European Banking Association says it is too early to judge stablecoins. Tokenovate CEO argues the real value is in reducing settlement time and capital tied up after trades.
The European Banking Association this past week said it is too early to judge whether stablecoins and tokenized deposits meet critical success factors including compliance, security, and cost efficiency. The statement came from the Digital Currencies & Smart Payments Working Group, which noted existing use cases remain marginal.
"As underlying technology continues to evolve rapidly – and adoption of tokenized money expands from global payment networks to large corporates – financial institutions should proactively assess and decide on their investments in this area," said Wim Grosemans, the group's chair.
Tokenovate CEO and founder Richard Baker offered a sharper lens. The real prize in tokenized money, he argued, is not faster payments but faster settlement of tokenized assets.
"The EBA's analysis reflects a market that is still working out where tokenized money delivers a clear advantage over existing payment mechanisms. For wholesale markets, that advantage is unlikely to come from payments alone," Baker said. "The greater opportunity is in how tokenized money supports the settlement of tokenized assets and reduces the time that risk and capital remain tied up after a trade."
Baker pointed to a structural problem inside post-trade systems. After a trade executes, cash and assets often move across different systems; collateral follows its own path, each maintaining a separate record.
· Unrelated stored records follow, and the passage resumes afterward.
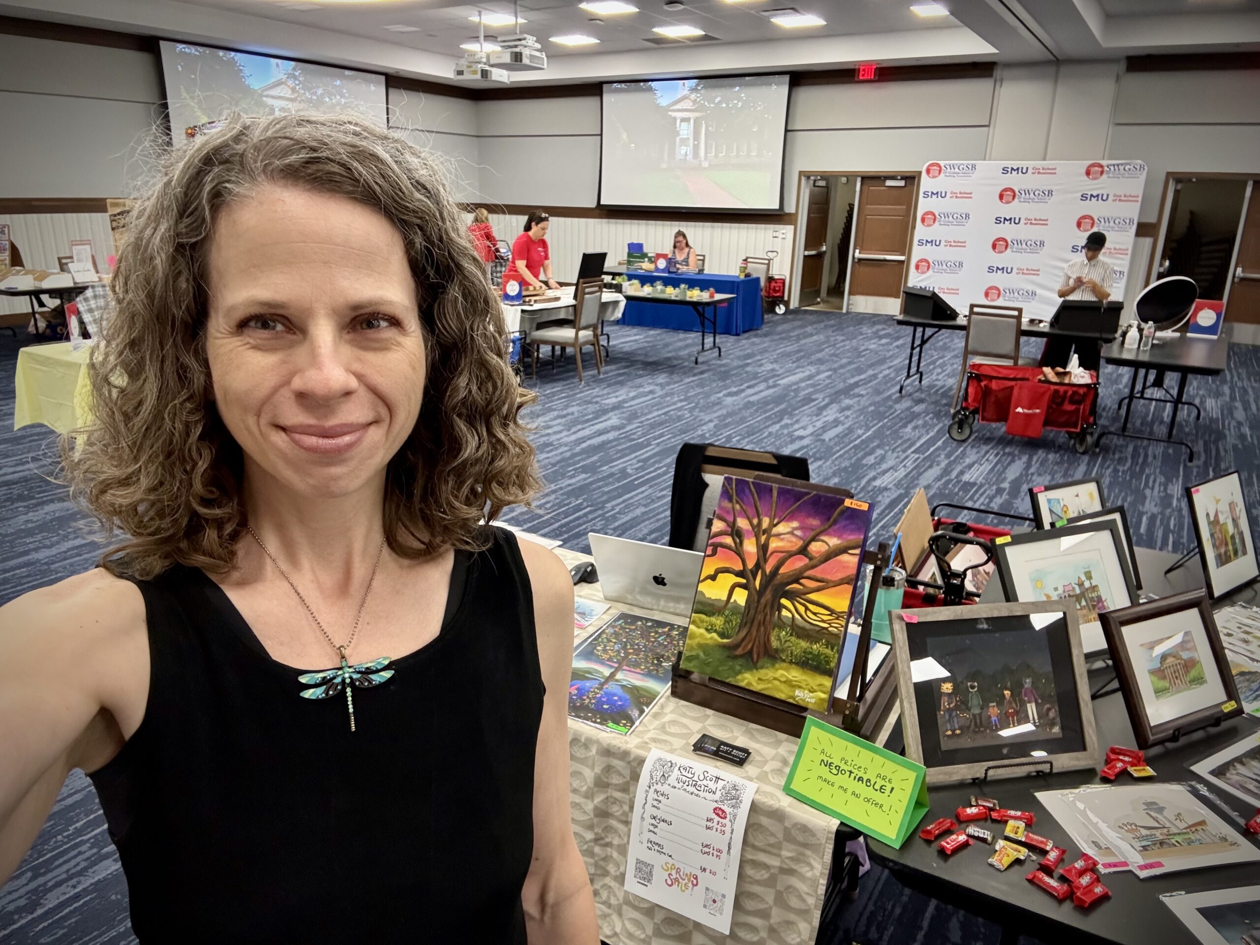 My workplace holds a “pop-up shop” twice a year, where faculty and staff members can sign up to be a vendor and show/sell artwork, jewelry, crafts, food items, and the like. I have participated every time with varying degrees of success, selling my work at about 1/3 my usual price because I know my audience — this is a nonprofit and none of us have big salaries.
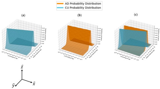 Probability distribution functions (PDFs) modeled to ref. CU and AD prediction distributions: (a) PDF of age predictions for CU individuals; (b) PDF of age predictions for patients with AD; (c) two PDFs overlaid on each other. The z-axis describes the probability of a model making a prediction for a given individual’s chronological age. Similarly to further figures, the x-axis represents an individual’s chronological or real age, while the y-axis describes their model-predicted age.
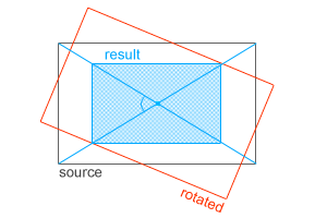 Rotation of the source image by the specified angle. Formatted as: rotation="x.xx" where x.xx is the angle of rotation (a floating point number in the interval [0°..360°]). A source image is rotated clockwise around its centre point. The resulting image is cropped to maximum size without showing the background. The aspect ratio of a source image is preserved (see the picture below, the resulting image is colored blue).
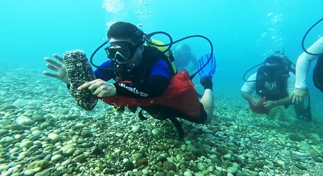 Akdeniz Üniversitesi Su Ürünleri Fakültesi'nden Prof. Dr. Mehmet Gökoğlu ve öğrencilerden oluşan su altı topluluğu denizlerdeki kirliliğe dikkati çekmek için dalış yaptı. Konyaaltı Sahili'nde 'deniz ve kıyı kirliliği farkındalığı' adını verdikleri dalışta deniz dibinde çok sayıda çöp ve atıkla karşılaşıldı. Yanlarında getirdikleri çöp torbalarıyla dalış yapan öğrenciler, su altında içerisine taş ve plastik atık sıkıştırılmış plastik şişeler, içerisi taş dolu kırık boya kovası ve içerisine yine taş doldurulan plastik poşetler dikkati çekti.

That fragmentation limits the value tokenized money can deliver in practice.
The solution, he said, requires consistency across the transaction, common standards, and a shared foundation to ease tokenization. "Many of the processes that sit behind settlement remain fragmented," Baker added.
For wholesale banks and trading firms, the implication is concrete. Every day that cash, assets, and collateral sit in separate ledgers adds a day of counterparty risk and locked-up capital. If tokenized money can compress settlement from T+2 or T+1 to near-instant, the savings show up directly in margin requirements and balance-sheet efficiency. Even a one-day reduction at scale can free billions in collateral across a large bank's trading book.
The EBA's working group plans to continue monitoring stablecoin and tokenized deposit development, with further guidance expected as adoption matures. Baker's argument suggests the real benchmark for that maturity is not how fast a payment clears but how quickly a trade truly settles.